**INFORMATION:**
━━━━━━━━━━━━━━━━━━━━━━━━━━━━━━

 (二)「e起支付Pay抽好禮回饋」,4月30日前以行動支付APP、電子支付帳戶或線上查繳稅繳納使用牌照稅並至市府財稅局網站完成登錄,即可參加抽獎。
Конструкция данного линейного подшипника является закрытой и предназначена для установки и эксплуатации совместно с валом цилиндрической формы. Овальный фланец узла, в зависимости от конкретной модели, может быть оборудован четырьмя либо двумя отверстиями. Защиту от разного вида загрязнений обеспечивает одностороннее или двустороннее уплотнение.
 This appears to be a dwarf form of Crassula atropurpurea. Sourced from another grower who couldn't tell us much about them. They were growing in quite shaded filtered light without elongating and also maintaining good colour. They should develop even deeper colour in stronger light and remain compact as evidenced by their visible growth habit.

━━━━━━━━━━━━━━━━━━━━━━━━━━━━━━

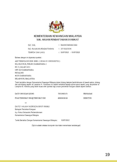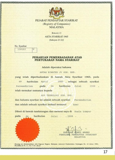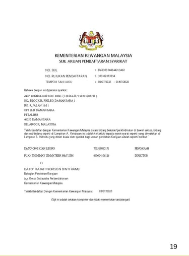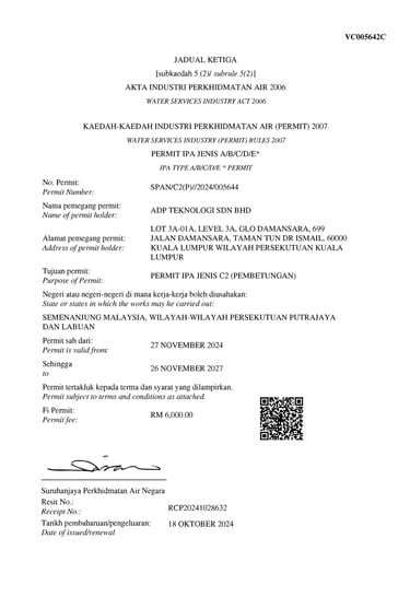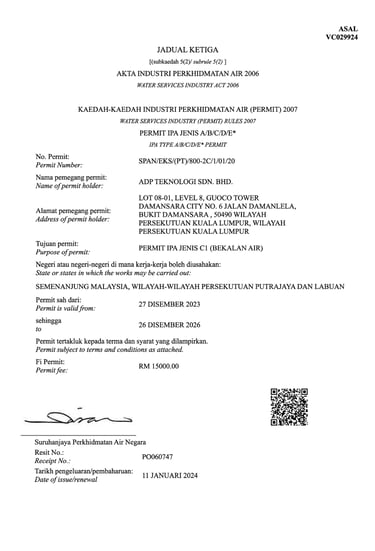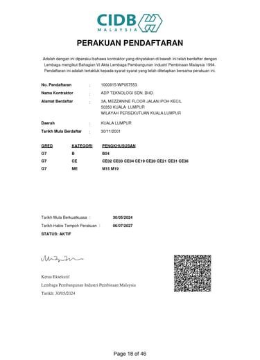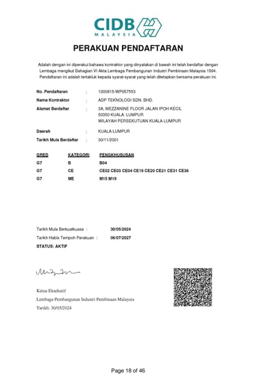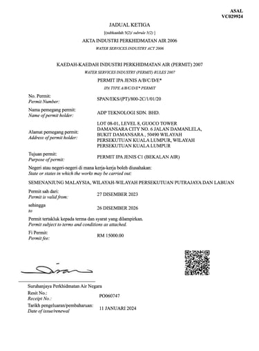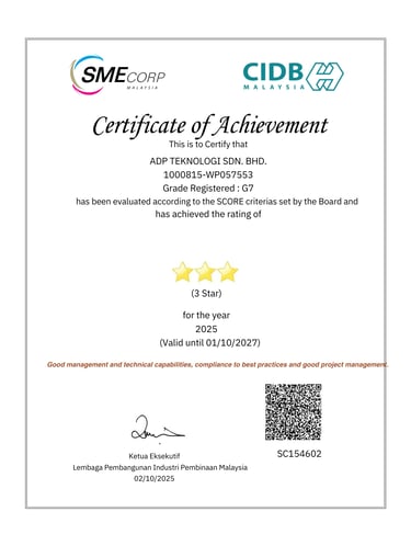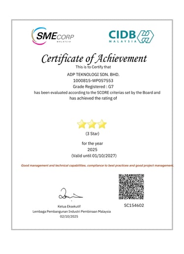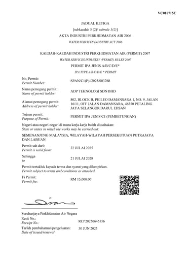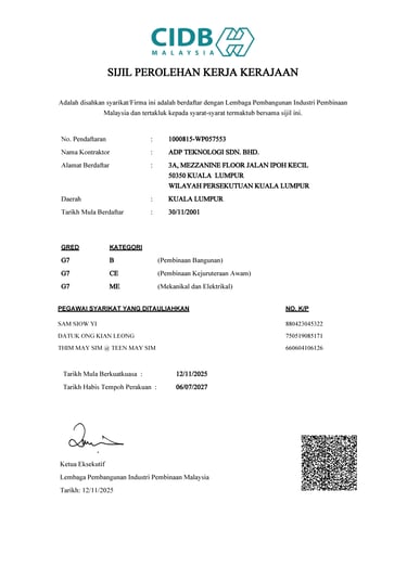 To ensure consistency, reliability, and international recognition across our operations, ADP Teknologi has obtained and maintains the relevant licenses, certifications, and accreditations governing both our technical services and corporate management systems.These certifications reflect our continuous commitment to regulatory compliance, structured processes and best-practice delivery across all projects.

━━━━━━━━━━━━━━━━━━━━━━━━━━━━━━

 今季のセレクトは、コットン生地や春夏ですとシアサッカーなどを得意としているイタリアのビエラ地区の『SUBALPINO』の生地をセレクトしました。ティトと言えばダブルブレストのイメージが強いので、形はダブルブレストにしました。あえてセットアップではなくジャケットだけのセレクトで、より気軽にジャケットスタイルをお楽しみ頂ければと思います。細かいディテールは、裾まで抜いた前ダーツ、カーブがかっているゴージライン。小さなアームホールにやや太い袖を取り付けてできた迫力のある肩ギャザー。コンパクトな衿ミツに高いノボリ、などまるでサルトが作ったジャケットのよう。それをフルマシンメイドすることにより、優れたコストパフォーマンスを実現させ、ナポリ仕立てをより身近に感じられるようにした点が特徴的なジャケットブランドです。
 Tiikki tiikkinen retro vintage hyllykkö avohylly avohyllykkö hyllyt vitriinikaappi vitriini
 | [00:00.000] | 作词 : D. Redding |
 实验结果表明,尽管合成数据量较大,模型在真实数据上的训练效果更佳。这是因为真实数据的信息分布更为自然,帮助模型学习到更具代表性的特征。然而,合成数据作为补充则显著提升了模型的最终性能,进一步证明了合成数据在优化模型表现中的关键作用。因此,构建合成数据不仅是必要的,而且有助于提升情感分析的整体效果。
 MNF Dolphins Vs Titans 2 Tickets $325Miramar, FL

━━━━━━━━━━━━━━━━━━━━━━━━━━━━━━

**THE TASK:**
From the entries above, print the lines beginning at the one with "(二)「e起支付Pay抽好禮" and stopping after the one with "This appears to", exactly as written and with nothing else.

**SOLUTION:**
 (二)「e起支付Pay抽好禮回饋」,4月30日前以行動支付APP、電子支付帳戶或線上查繳稅繳納使用牌照稅並至市府財稅局網站完成登錄,即可參加抽獎。
Конструкция данного линейного подшипника является закрытой и предназначена для установки и эксплуатации совместно с валом цилиндрической формы. Овальный фланец узла, в зависимости от конкретной модели, может быть оборудован четырьмя либо двумя отверстиями. Защиту от разного вида загрязнений обеспечивает одностороннее или двустороннее уплотнение.
 This appears to be a dwarf form of Crassula atropurpurea. Sourced from another grower who couldn't tell us much about them. They were growing in quite shaded filtered light without elongating and also maintaining good colour. They should develop even deeper colour in stronger light and remain compact as evidenced by their visible growth habit.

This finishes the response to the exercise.